▶ _SOURCE MATERIAL_:
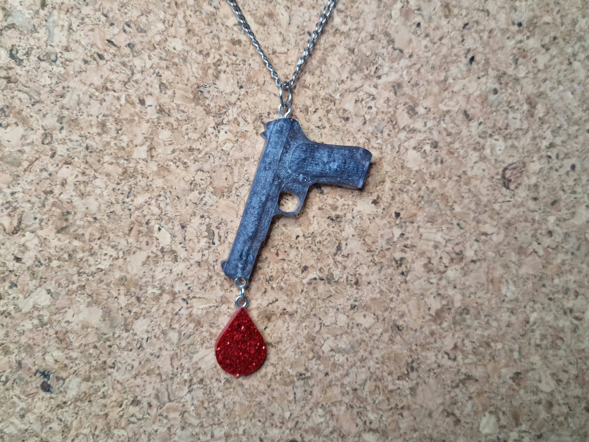 The delicate red glitter droplet hanging from the muzzle of this grey pistol necklace says all we need it to say, so I won't try and make a quippy description here. Either you'll like it or you won't, but you'll understand it.
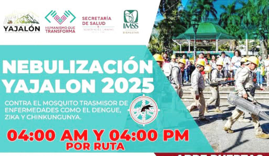 El H. Ayuntamiento Municipal de Yajalón que preside Juan Alberto Utrilla López, en coordinación con la Secretaria de Salud, realizarán la nebulización de la cabecera municipal para combatir la propagación del mosquito transmisor del dengue y otras enfermedades.
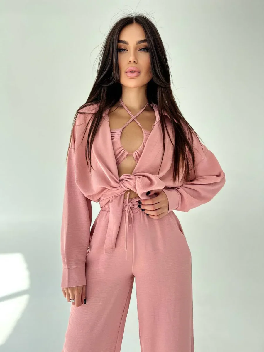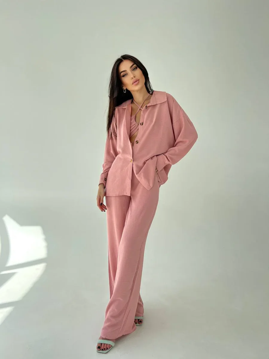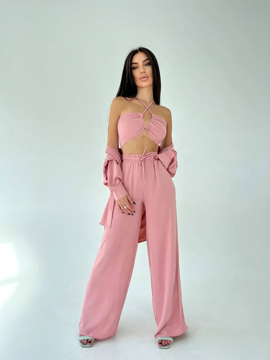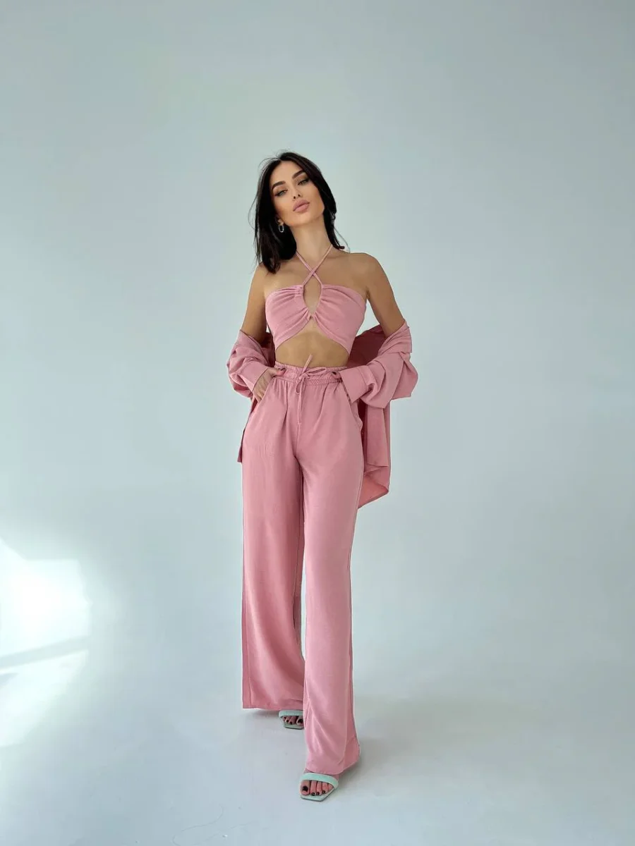 Set tre pezzi venduti singolarmente composto da camicia top e pantalone in tessuto leggero fresco.

▶ _EXERCISE GOAL_: The finished answer is an exact repetition of the listing, with every picture removed.

▶ _SOLUTION_:
 The delicate red glitter droplet hanging from the muzzle of this grey pistol necklace says all we need it to say, so I won't try and make a quippy description here. Either you'll like it or you won't, but you'll understand it.
 El H. Ayuntamiento Municipal de Yajalón que preside Juan Alberto Utrilla López, en coordinación con la Secretaria de Salud, realizarán la nebulización de la cabecera municipal para combatir la propagación del mosquito transmisor del dengue y otras enfermedades.
 Set tre pezzi venduti singolarmente composto da camicia top e pantalone in tessuto leggero fresco.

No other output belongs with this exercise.